# [SOLVED] C drive not recognized by Disk Defrag



## equisnextplease (Feb 20, 2012)

Hello to all,
I have an HP pavilion dv7, windows 7 OS, SP1, and recently I tried to defragment my hard drive, but it doesn't come up as an option. (see attached img) It does, however, show up in disk management. I have read some forums, but I can't find the answer to my specific problem. Since this is the first time I tried to defragment it, I cannot tell you if it's related to anything I have done in the past, such as disk partitioning, or anything weird like that. I think there's a possibility that a friend partitioned my disk back in the day, but I don't remember exactly. I would really appreciate any feedback.

Cheerios!

Maria


----------



## Corday (Mar 3, 2010)

*Re: C drive not recognized by Disk Defrag*

Run chkdsk. After this, if nothing is found it should show up after reboot. Problem is usually caused by a crash and restart.


----------



## shawnpb (May 30, 2010)

*Re: C drive not recognized by Disk Defrag*

Or try this Open the Hardware and Devices troubleshooter

My girlfriend's laptop had the same issue. I think it has to do with a bug with the hibernate or sleep mode.

If all else fails there is a 3rd part defrag tool called Defraggler.


----------



## equisnextplease (Feb 20, 2012)

*Re: C drive not recognized by Disk Defrag*

Here are the results of chkdsk:

Chkdsk was executed in read-only mode on a volume snapshot. 
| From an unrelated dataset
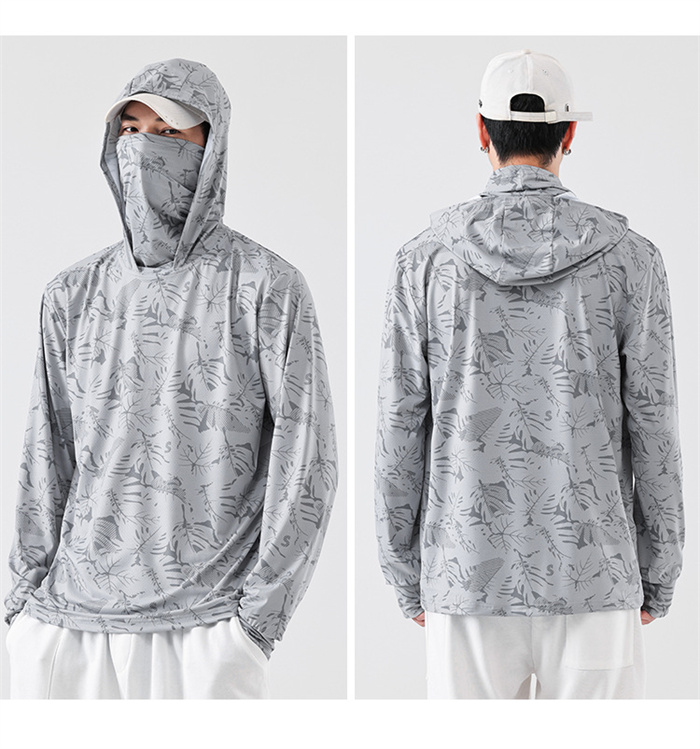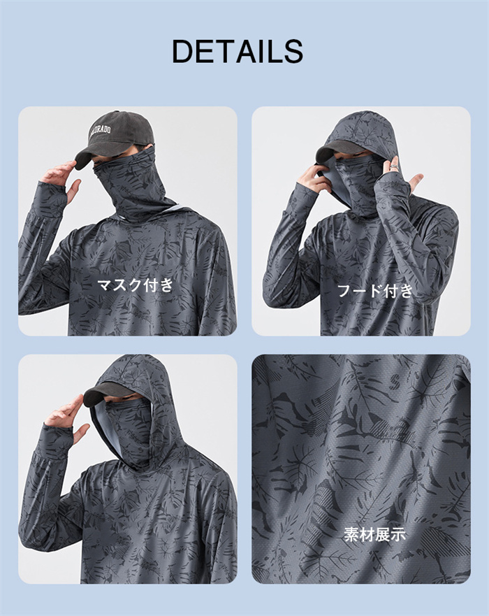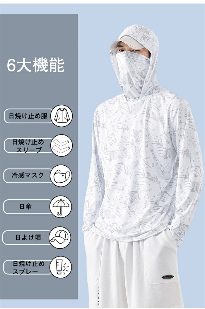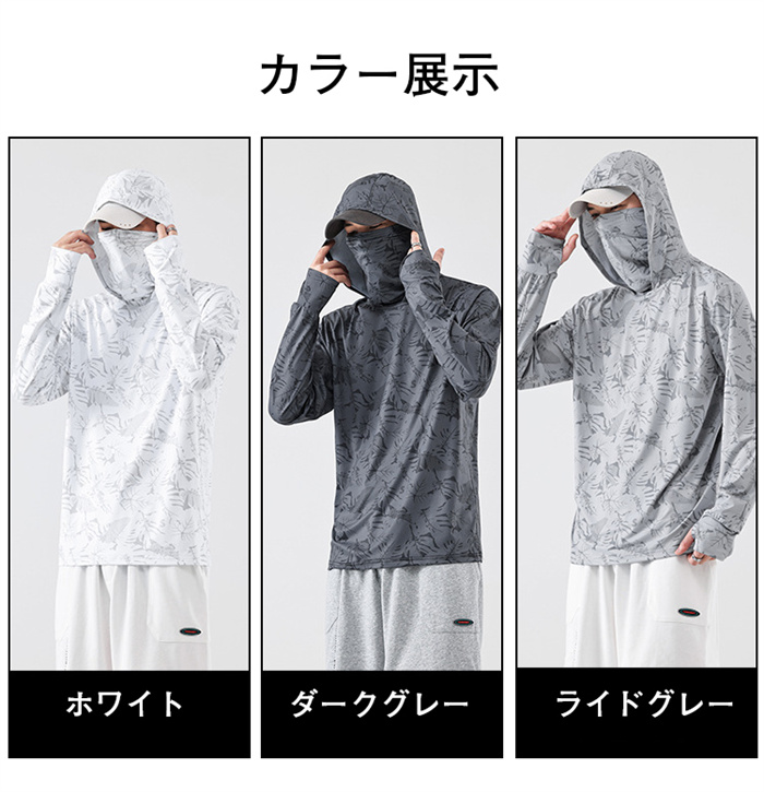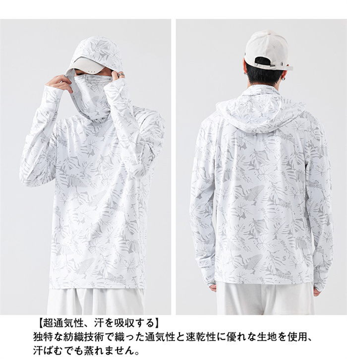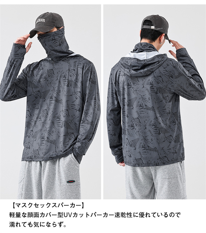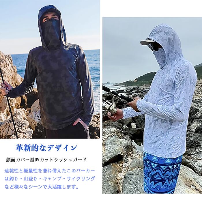 マスク、フードが一体になっていて、日焼け対策にバッチリ 革新的なデザイン 顔面カバー型 UVカットパーカー 父の日 プレゼント 実用的 山登り 釣り 大きいサイズ

Checking file system on C:
The type of the file system is NTFS.

WARNING! F parameter not specified.
Running CHKDSK in read-only mode.

CHKDSK is verifying files (stage 1 of 3)...
550400 file records processed. File verification completed.
807 large file records processed. 0 bad file records processed. 0 EA records processed. 60 reparse records processed. CHKDSK is verifying indexes (stage 2 of 3)...
668668 index entries processed. Index verification completed.
0 unindexed files scanned. 0 unindexed files recovered. CHKDSK is verifying security descriptors (stage 3 of 3)...
550400 file SDs/SIDs processed. Cleaning up 4348 unused index entries from index $SII of file 0x9.
Cleaning up 4348 unused index entries from index $SDH of file 0x9.
Cleaning up 4348 unused security descriptors.
Security descriptor verification completed.
59135 data files processed. CHKDSK is verifying Usn Journal...
33848776 USN bytes processed. Usn Journal verification completed.
Windows has checked the file system and found no problems.
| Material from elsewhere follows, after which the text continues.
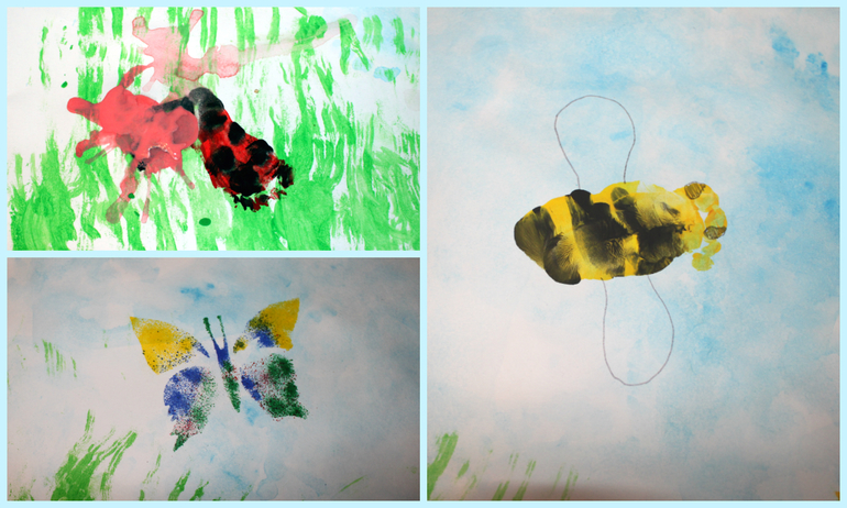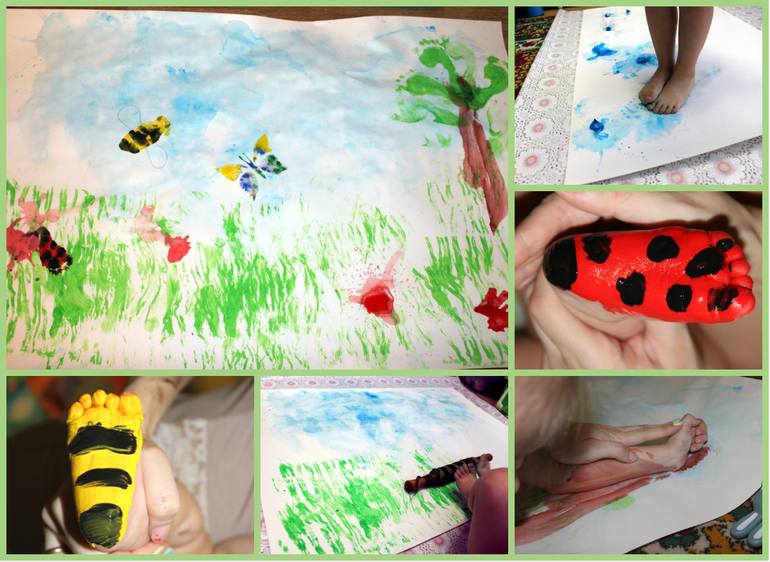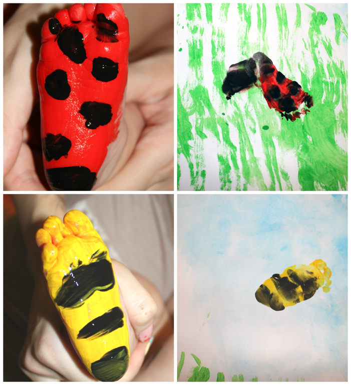 Пчёлка и божья коровка - отпечатки Катюшиных ножек.

471998463 KB total disk space.
174646740 KB in 471025 files.
235968 KB in 59136 indexes.
0 KB in bad sectors.
833539 KB in use by the system.
65536 KB occupied by the log file.
296282216 KB available on disk.

4096 bytes in each allocation unit.
117999615 total allocation units on disk.
74070554 allocation units available on disk.

Here are the results of the troubleshooter:

Hardware and Devices Publisher details 

Issues found 
Hardware changes might not have been detectedHardware changes might not have been detected Detected 
Scan for recent hardware changes Completed 

Potential issues that were checked 
Windows Update configured to never install driversWindows Update configured to never install drivers
Driver updates aren't automatically installed when detected by Windows Update. Issue not present 

Issues found Detection details 

6 Hardware changes might not have been detected Detected 

Scan for recent hardware changes Completed 

Scanning might find new devices attached to your computer and install them. 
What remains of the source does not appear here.